## SOURCE MATERIAL

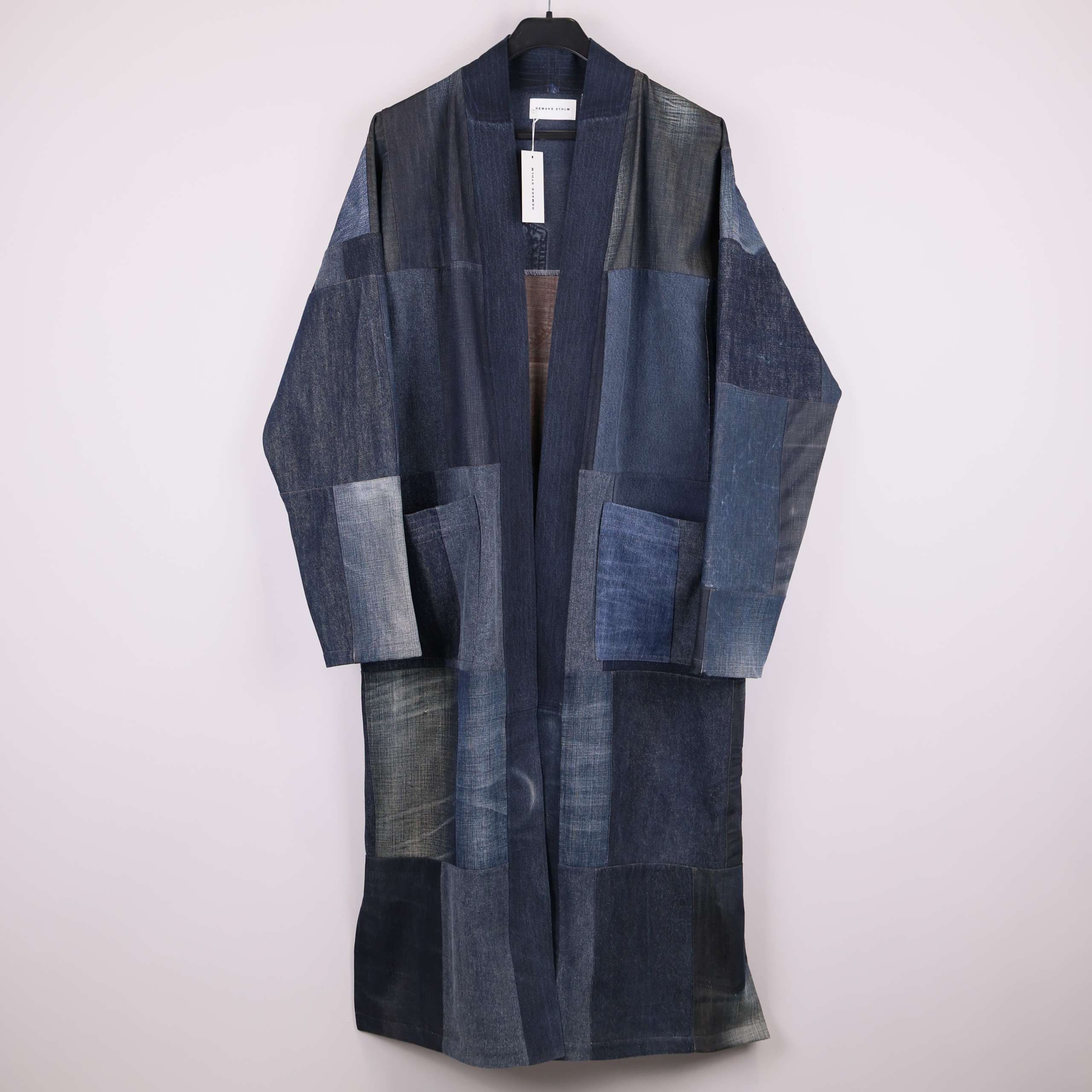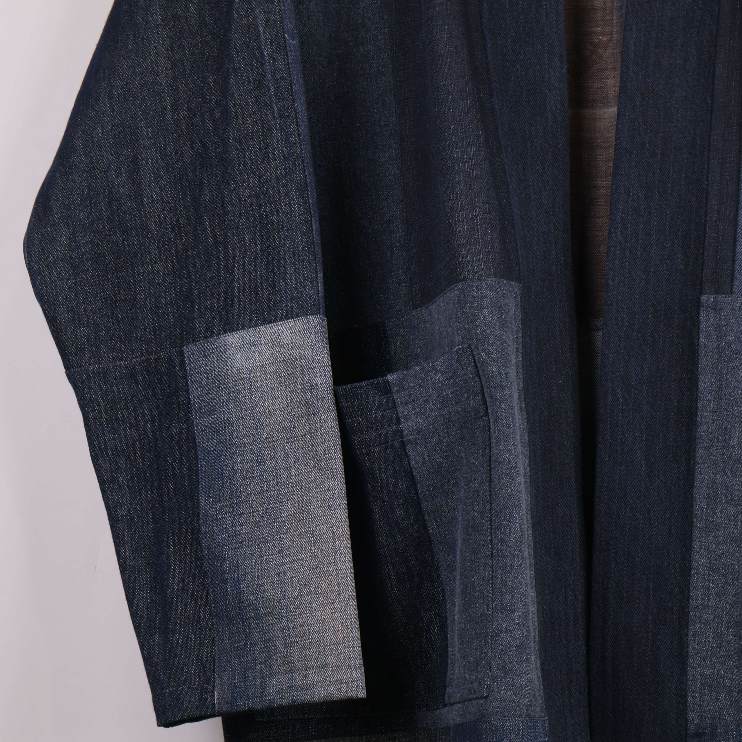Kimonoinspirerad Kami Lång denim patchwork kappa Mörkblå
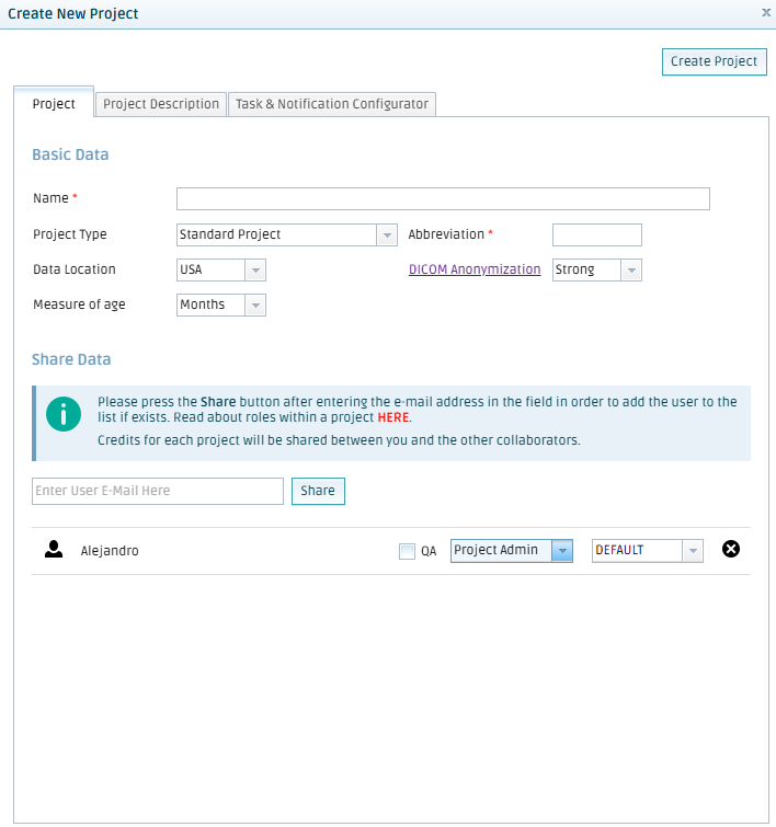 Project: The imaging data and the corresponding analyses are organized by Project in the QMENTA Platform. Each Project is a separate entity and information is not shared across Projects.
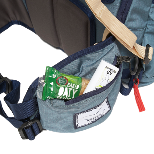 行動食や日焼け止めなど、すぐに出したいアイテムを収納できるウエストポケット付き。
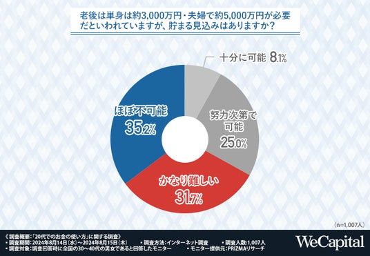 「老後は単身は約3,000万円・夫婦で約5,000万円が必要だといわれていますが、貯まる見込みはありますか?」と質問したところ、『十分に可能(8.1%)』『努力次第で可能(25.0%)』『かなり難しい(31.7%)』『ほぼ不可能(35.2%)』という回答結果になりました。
---
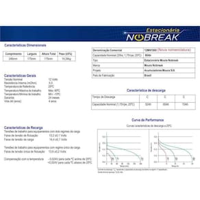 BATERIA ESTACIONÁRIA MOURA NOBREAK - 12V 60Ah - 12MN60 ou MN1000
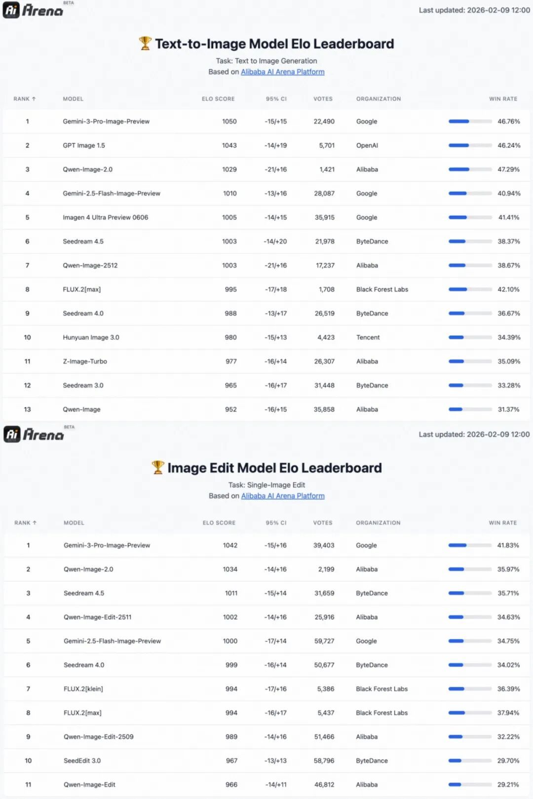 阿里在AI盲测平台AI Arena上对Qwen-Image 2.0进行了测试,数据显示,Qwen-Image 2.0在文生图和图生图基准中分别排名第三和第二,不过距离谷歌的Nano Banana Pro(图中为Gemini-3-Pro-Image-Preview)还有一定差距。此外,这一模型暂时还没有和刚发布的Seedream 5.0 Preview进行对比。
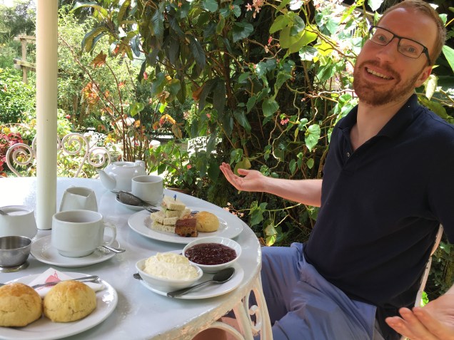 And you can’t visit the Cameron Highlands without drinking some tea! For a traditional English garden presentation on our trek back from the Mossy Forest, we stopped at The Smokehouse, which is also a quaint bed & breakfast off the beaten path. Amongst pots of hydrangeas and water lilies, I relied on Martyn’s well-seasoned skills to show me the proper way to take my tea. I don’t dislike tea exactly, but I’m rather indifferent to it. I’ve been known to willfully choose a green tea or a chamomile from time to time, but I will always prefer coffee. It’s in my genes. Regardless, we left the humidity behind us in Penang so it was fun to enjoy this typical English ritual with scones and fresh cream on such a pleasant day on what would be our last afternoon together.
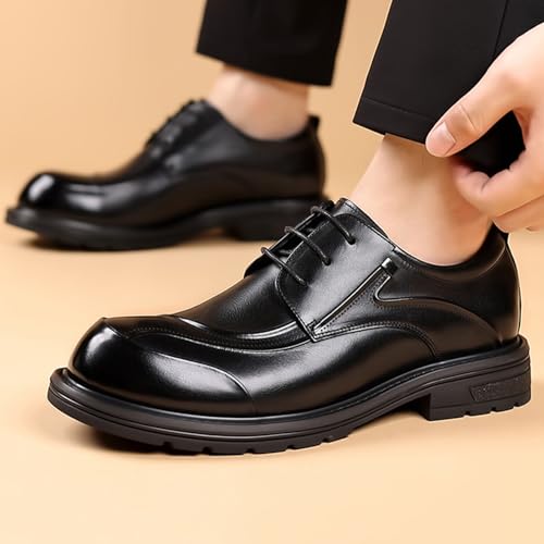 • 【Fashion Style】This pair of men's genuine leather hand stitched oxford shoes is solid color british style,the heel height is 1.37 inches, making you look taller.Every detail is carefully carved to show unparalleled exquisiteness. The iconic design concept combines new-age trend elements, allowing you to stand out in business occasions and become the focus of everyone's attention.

## WHAT YOU WILL DO
After locating the line containing "Kimonoinspirerad Kami Lång" in the entries above, return it and every line after it exactly, ending at the line containing "行動食や日焼け止めなど、すぐ", without pictures.

## EXPECTED OUTPUT
Kimonoinspirerad Kami Lång denim patchwork kappa Mörkblå
 Project: The imaging data and the corresponding analyses are organized by Project in the QMENTA Platform. Each Project is a separate entity and information is not shared across Projects.
 行動食や日焼け止めなど、すぐに出したいアイテムを収納できるウエストポケット付き。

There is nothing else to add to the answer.